▸ Work instruction
Lines from the opening of the material through the line containing "Ez az elektromos" must be duplicated word for word. Pictures are not.

▸ Data block
────
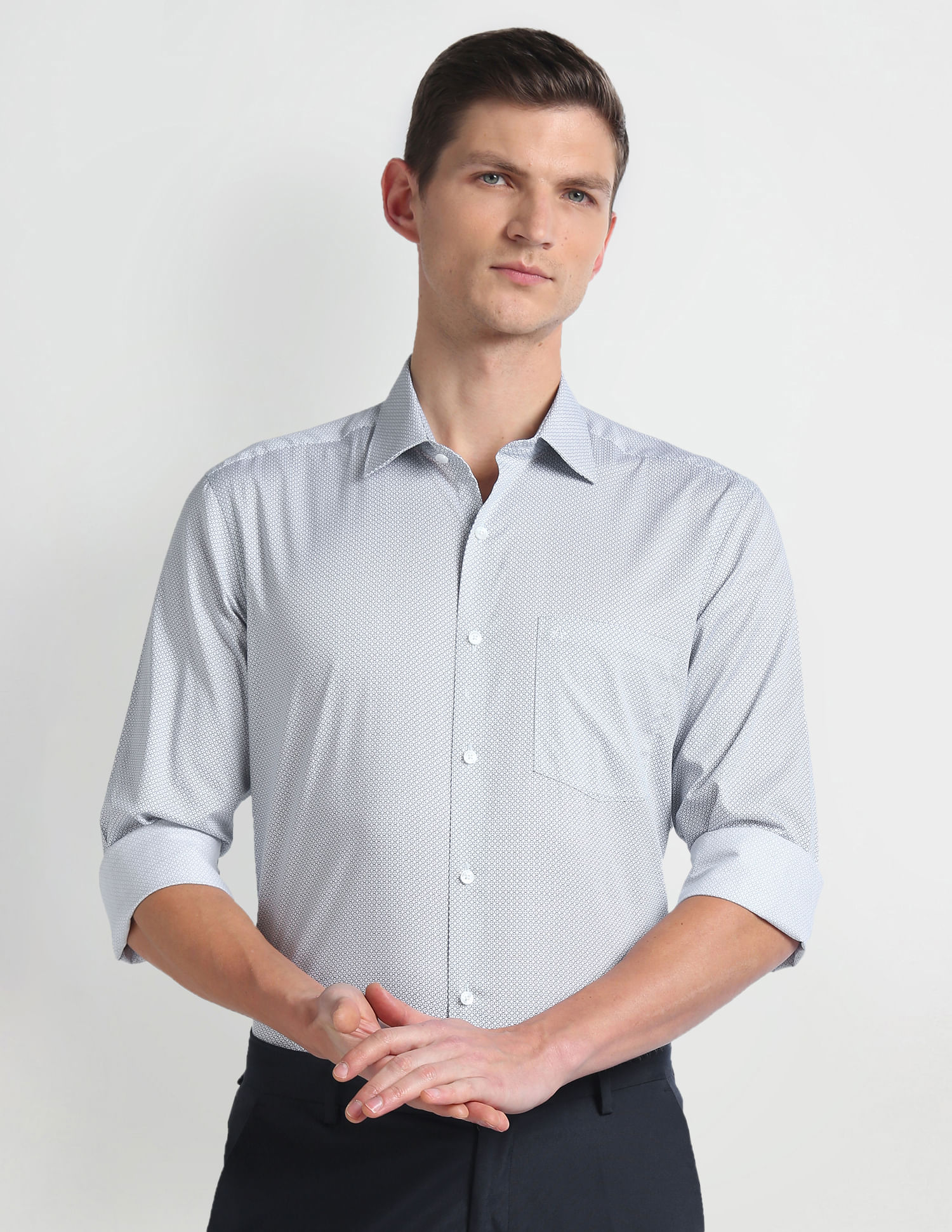 Geometric Print Twill Auto Press Shirt
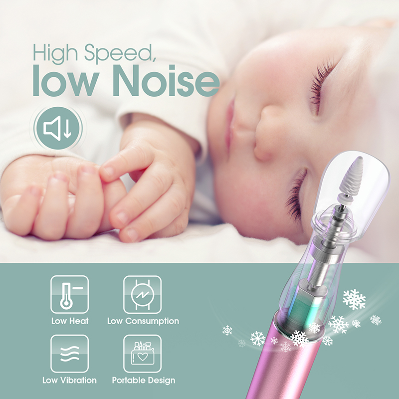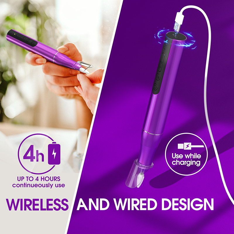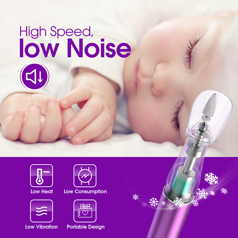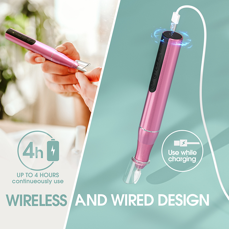 Ez az elektromos körömfúró a legújabb alumínium testtel rendelkezik, rezgéscsillapító kialakítással, amely hatékonyan csökkenti a zajt és a hőt a körmök csiszolásakor, így biztosítva, hogy senkit ne zavarjon körmének polírozása közben. Az ergonomikus toll alakú megjelenés kényelmes, csúszásmentes fogást biztosít, és lehetővé teszi a zselés körmök könnyű eltávolítását.
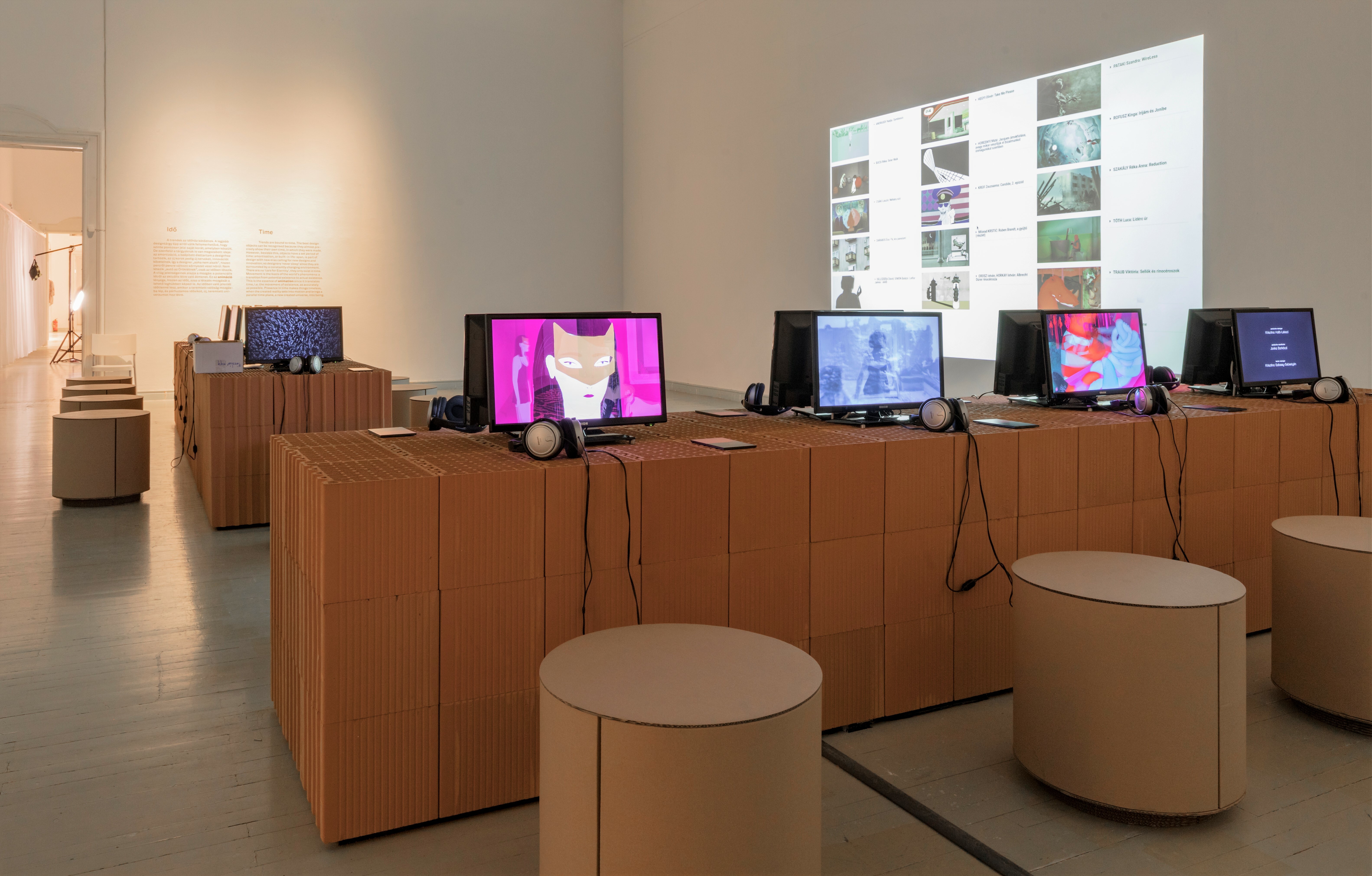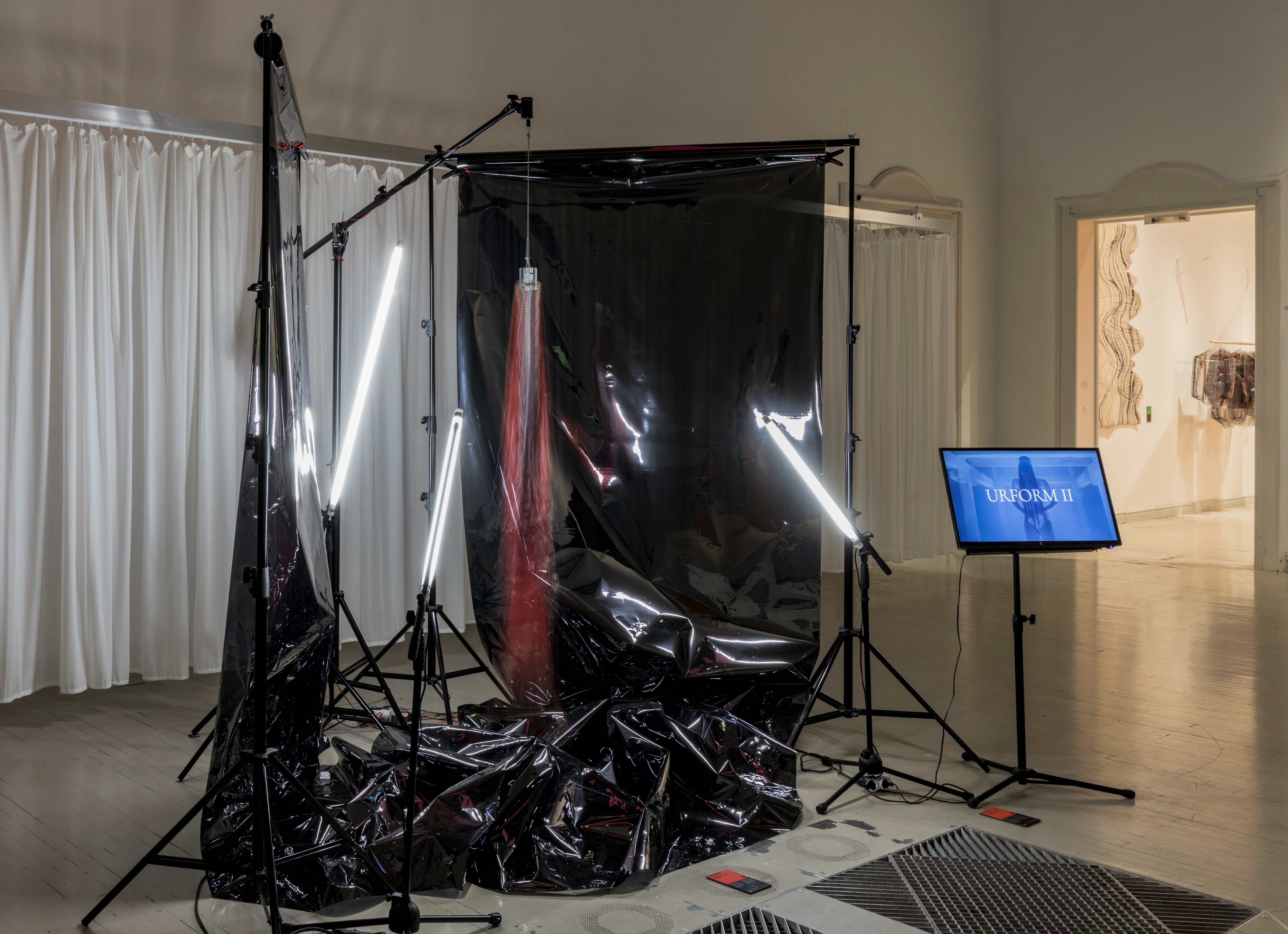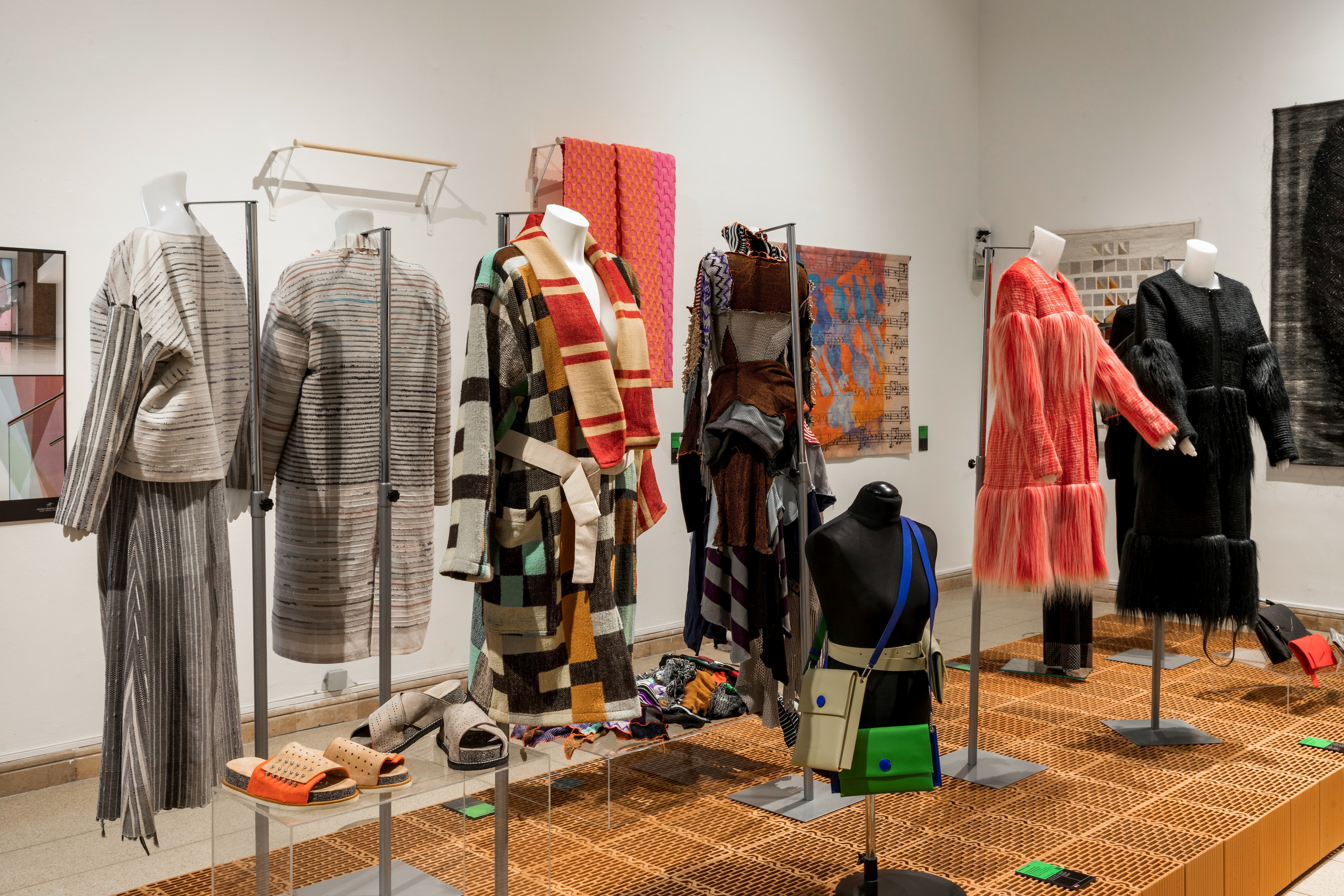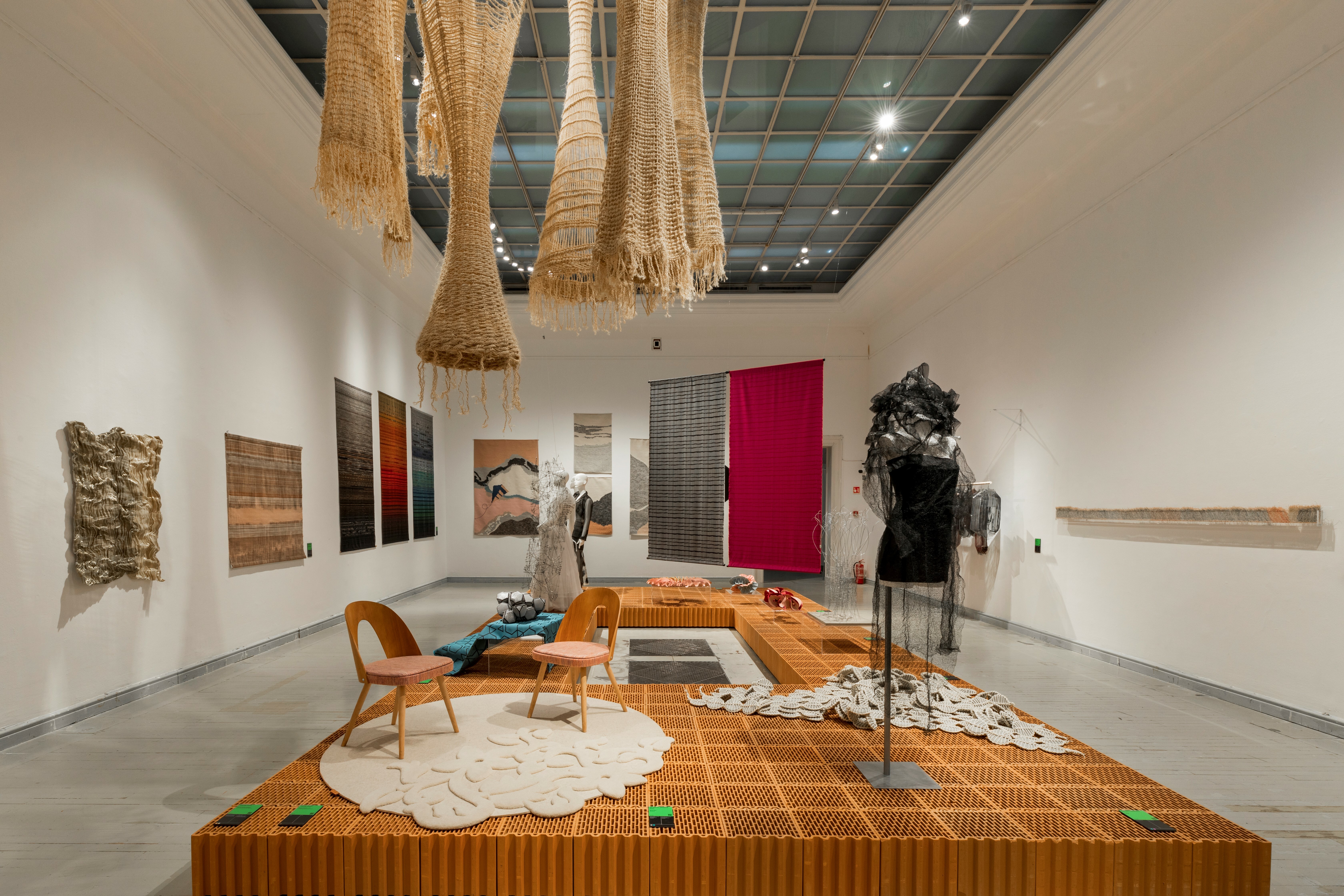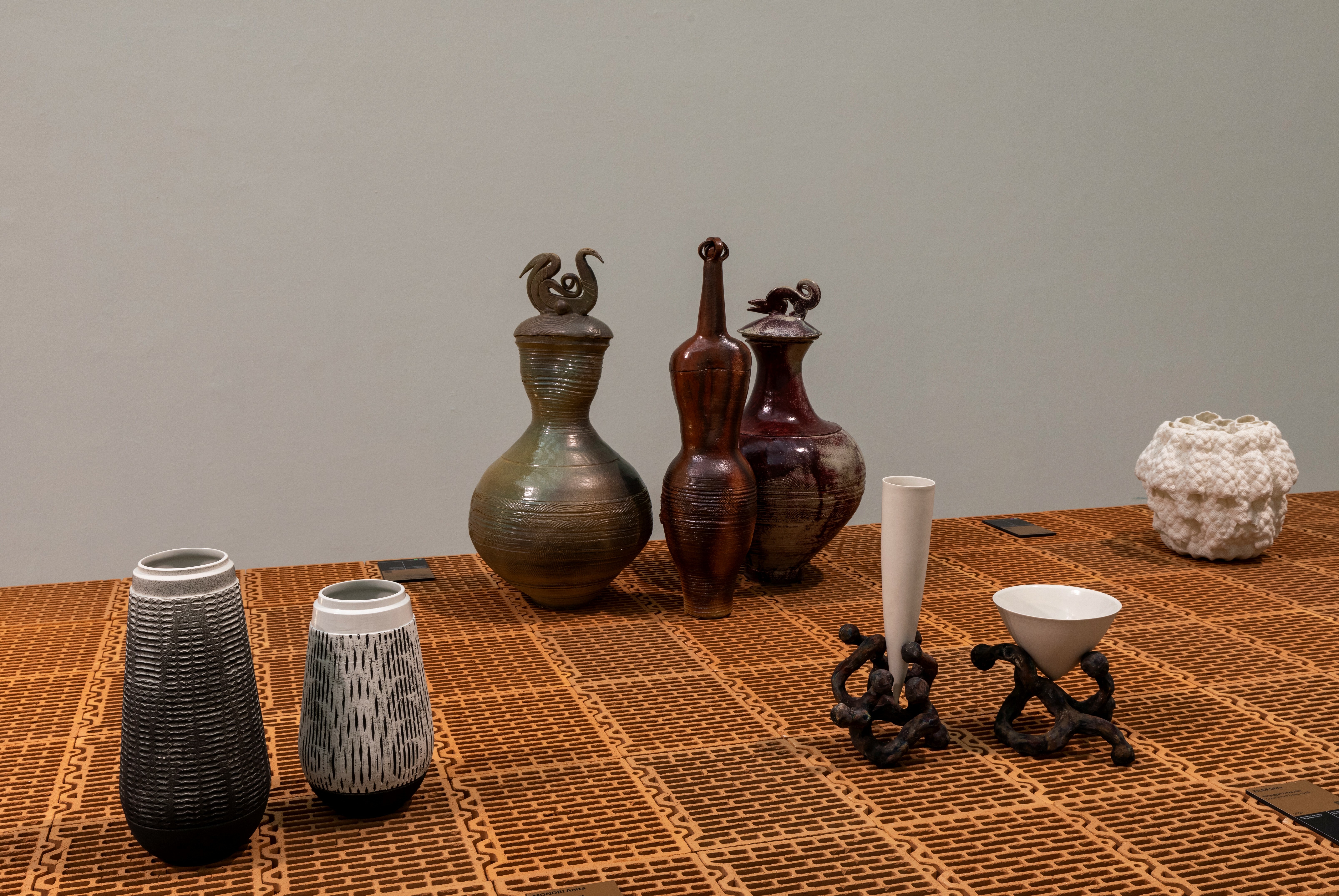 „A használt anyagokkal a kiállítás tematikájának kézművességre utaló jellegét is ki szerettük volna fejezni, ezért döntöttünk az égetett kerámia posztamensek és a térbe belógatott, azokat osztó függönyök mellett. A szalonon kiállításra kerülő műtárgyak sokszínűsége miatt alapvetés volt egy neutrális posztamensrendszer megtervezése, mely egyszerre képes összefogóan kezelni az összes különböző műtárgyat. Így került kiválasztásra a nagyméretű üreges vázkerámia falazóblokk, amelyből vágás, faragás nélkül készült el az összes posztamens” – mondta el Szabó Levente, tervező.
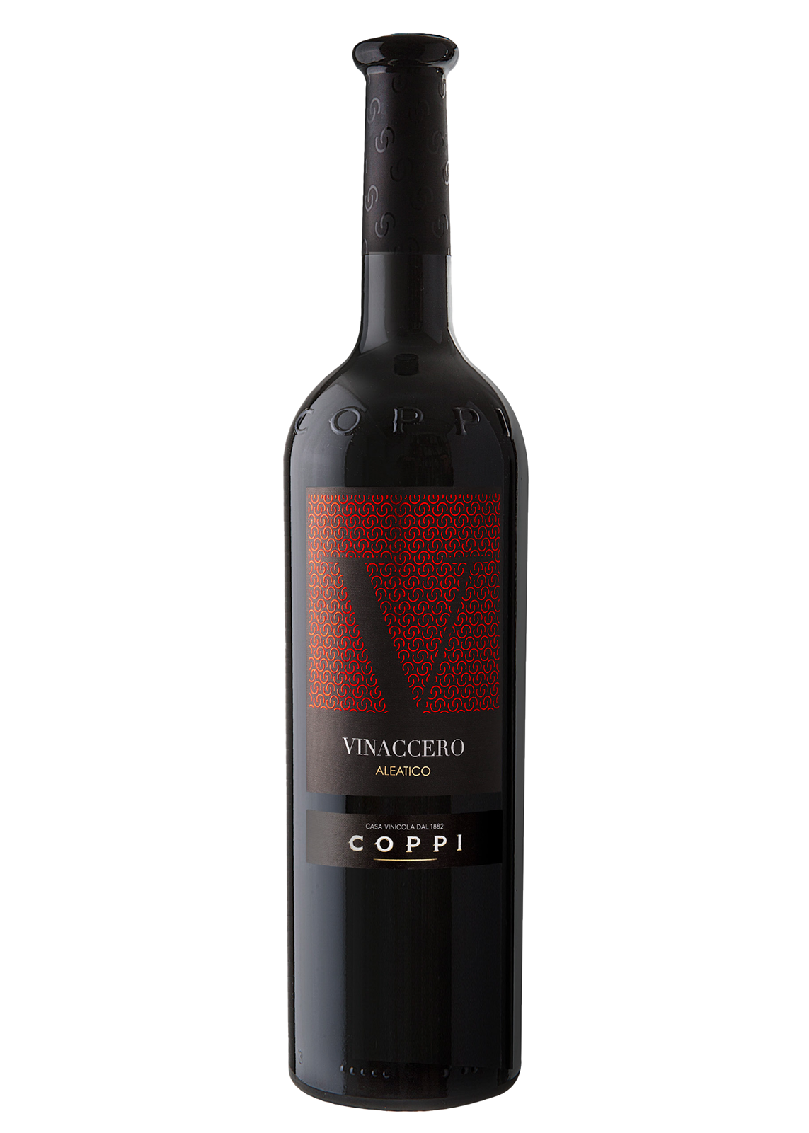 Ontdek Vinaccero Aleatico I.G.P. Puglia, een wijn gemaakt van 100% Aleatico-druiven uit contrada Marchione, Puglia. De grond in dit gebied bestaat uit steen en karst (waar kalksteen oplost onder invloed van atmosferisch koolzuur). De druivenstokken zijn geplant in de jaren '90 en de druiven worden geoogst in de tweede helft van september, na een droogperiode aan de druivenstokken.
────
▸ Task response
 Geometric Print Twill Auto Press Shirt
 Ez az elektromos körömfúró a legújabb alumínium testtel rendelkezik, rezgéscsillapító kialakítással, amely hatékonyan csökkenti a zajt és a hőt a körmök csiszolásakor, így biztosítva, hogy senkit ne zavarjon körmének polírozása közben. Az ergonomikus toll alakú megjelenés kényelmes, csúszásmentes fogást biztosít, és lehetővé teszi a zselés körmök könnyű eltávolítását.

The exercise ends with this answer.